Terminally ill backpacker killer Ivan Milat is moved to intensive care unit under heavy guard as he nears death from throat cancer
- The serial killer, 74, was diagnosed with throat and stomach cancer in May
- He has been treated at Sydney’s Prince of Wales Hospital for terminal illness
- On Wednesday morning, he was moved to the hospital’s intensive care unit
Ivan Milat has been transferred to intensive care as his health worsens.
The serial killer, 74, was diagnosed with throat and stomach cancer in May and has been treated at Sydney’s Prince of Wales Hospital.
On Wednesday morning, he was moved to the intensive care unit under heavy guard, health sources told the Daily Telegraph.
Ivan Milat (pictured in May) has been transferred to intensive care to live out his last days
The terminally ill serial killer (pictured) murdered several backpackers around the Sydney area
Milat, who has been in jail since 1994, was seen for the first time in a decade in May.
He was transferred from Goulburn Supermax Prison to Prince of Wales before he was discharged and taken by corrective officers to Long Bay jail.
The ageing killer was dressed in regulation prison greens with long white hair, while his trademark handlebar moustache was also white. His weight decreased to 64kg.
Milat was taken back into hospital in August and now requires intensive care.
In 1996 Milat was convicted of killing seven backpackers and dumping their bodies in the Belanglo State Forest, south of Sydney, between 1989 and 1992.
He is currently serving seven life sentences, which are all to be served consecutively and without the possibility of parole.

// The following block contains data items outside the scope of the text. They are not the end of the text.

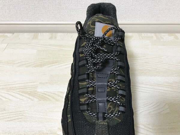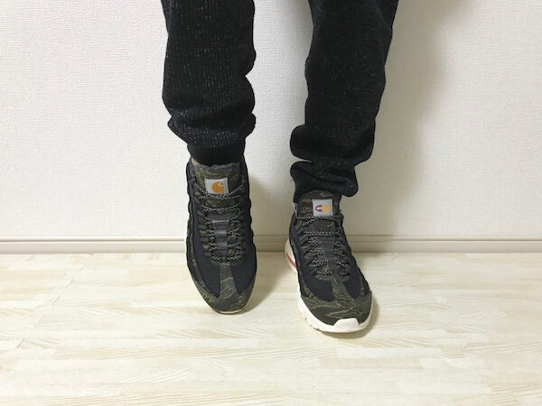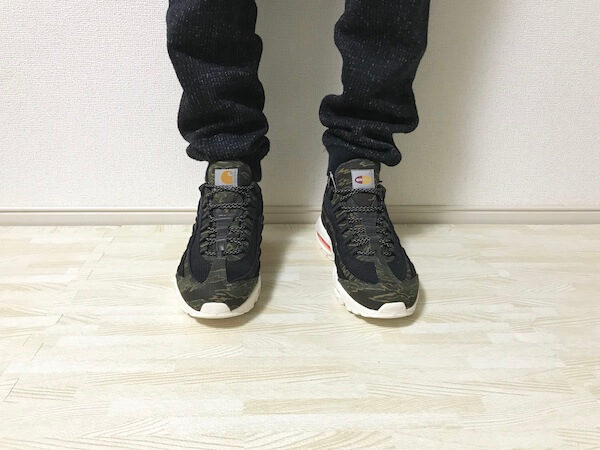 エアマックス95のボリューム感と、カーハートらしい柄、配色が相まって、”男らしい”いいゴツさが出ていてめちゃくちゃかっこいいです。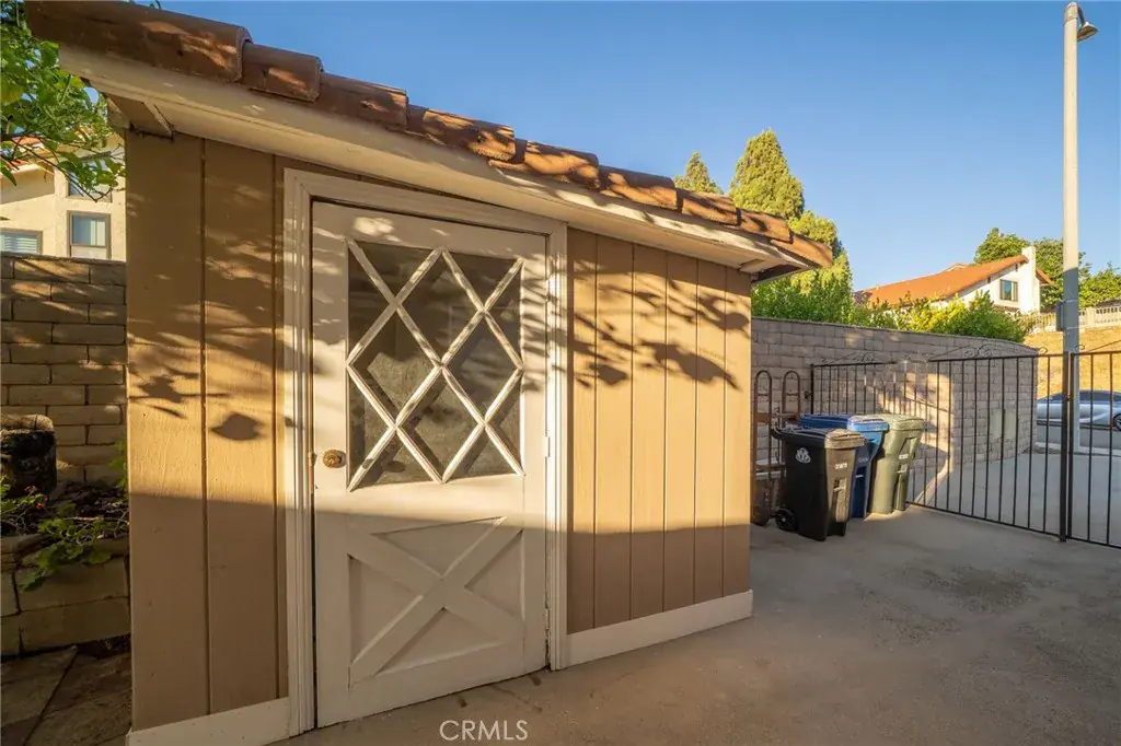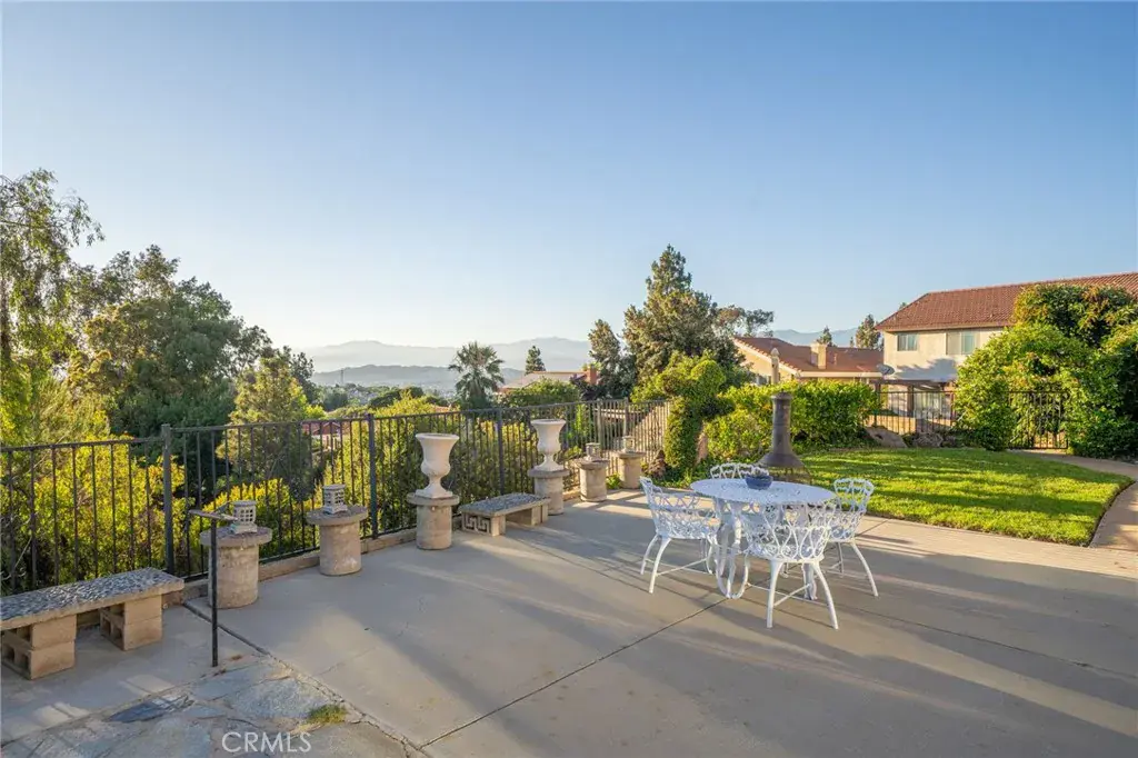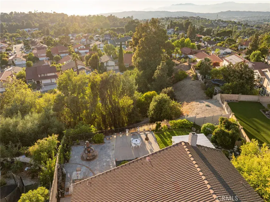 This stunning tri-level home is nestled in the hills of Diamond Bar. Offering breathtaking panoramic views and perfectly positioned to capture gorgeous sunsets from the serene backyard or the private upstairs balcony. This residence includes a highly desirable downstairs bedroom and full bath, ideal for guests or multi-generational living. When entering the home you step into the formal living room where rich wood flooring and custom crown molding add timeless elegance and character. Step down into the formal dining area which leads you to the kitchen and family room, perfect for entertaining. The kitchen is a true delight, featuring oak cabinetry, granite countertops, custom backsplash, stainless steel appliances including a 5-burner stove, brand new sink, faucet, and garbage disposal, also an eat-in dining area. Upstairs, the primary suite is a peaceful retreat with double-door entry, two large closets (including a walk-in), and additional hidden storage closet behind the paneled wall, and a private balcony with unobstructed views of the surrounding hills. The ensuite bathroom boasts dual sinks, and a jetted bathtub with a window to take in the gorgeous view. Two additional guest bedrooms and a full bathroom with a tub/shower combo complete the top level. Accessibility features are present in every bathroom, promoting safety and ease of movement. Thoughtfully upgraded, the home includes dual-paned windows, a 4-ton AC unit, stair climber to provide added ease for navigating between levels, new security system with cell phone access, indoor laundry, and the home has been repiped with PEX plumbing. The downstairs bathroom features a walk-in shower with new brass fixtures. Outside you will enjoy a tranquil and private front courtyard with a mature lemon tree, a covered backyard patio, and a lower terrace that could be perfect for a future jacuzzi or fire pit. The backyard is adorned with an array of fruit trees including orange, avocado, peach, nectarine, pomegranate, and loquat. Landscaped beautifully with a large fountain, it is a retreat you never have to leave home to enjoy. A 2-car garage and extended driveway offer plenty of parking, as well as additional parking that is readily available along the street with long stretches of curb for ample space for your guests. Located near top-rated schools, shopping, dining, and easy access to the 60 and 57 freeways, this exceptional home offers comfort, convenience, and stunning natural beauty.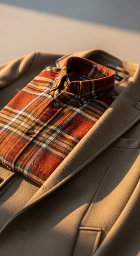 A soft flannel shirt feels relaxed while a neutral coat adds polish. Stick to muted flannel patterns like grey, beige, or navy. Add jeans or straight trousers. For a budget idea, repurpose an old flannel by removing worn buttons and replacing them with new ones. Pair with boots or clean sneakers. Add light accessories to keep the outfit tidy.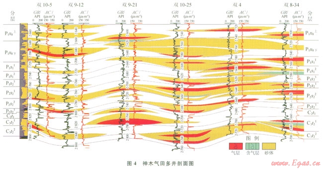 神木氣田具有多層系含氣特征(圖4),并且和煤田高度重疊,開發(fā)難度較大,叢式井鉆完井技術進步顯著提高了神木氣田開發(fā)水平。2012年神木氣田完鉆124口井,其中5口井以上的叢式井組14個85口井,最大叢式井組轄井11口,完試46口,平均無阻流量12.35×104m3/d。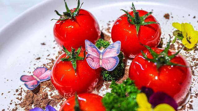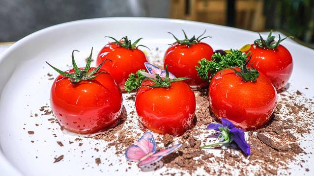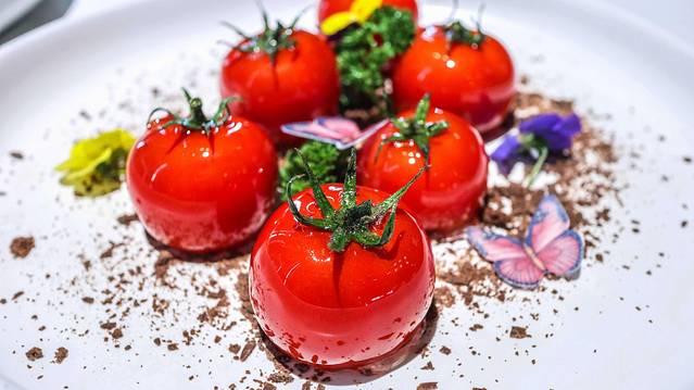 非常喜欢的一道菜,每一个都是真实的小番茄,晶莹剔透,里面还有很有“料”,水果沙拉加入了坚果,放入被挖空的小番茄中,吃起来更加的香脆爽口。

Milat’s victims included three backpackers from Germany, another two tourists from Britain and two Australians from Melbourne.
He has spent most most of the last two-and-a-half decades in Goulburn’s Supermax prison, the strictest in Australia.
In May, the 74-year-old serial killer was transferred from Goulburn Supermax Prison to Prince of Wales once diagnosed (Milat pictured in May)
Milat – Australia’s worst serial killer – was seen for the first time in a decade in May when he was transferred
Other than his recent health problems, he has left the prison on just two occasions – once in 2001 for a court appearance and once in 2009 when he cut off one of his fingers.
But despite a mountain of evidence against him, he has never confessed.
He stabbed most of his victims – decapitating one whose head has never been found – and shot another 10 times in the head as if using her for target practice.
He was also questioned in 2004 about the disappearance of two nurses at Parramatta in 1980 when he was working at the nearby Granville depot of the then Department of Main Roads.
In 2006 Milat was named by police at an inquest as the person most likely to have killed a schoolgirl and her boyfriend who disappeared from northern Sydney in 1978.
Late last year, Milat wrote a 10-page letter proclaiming his innocence.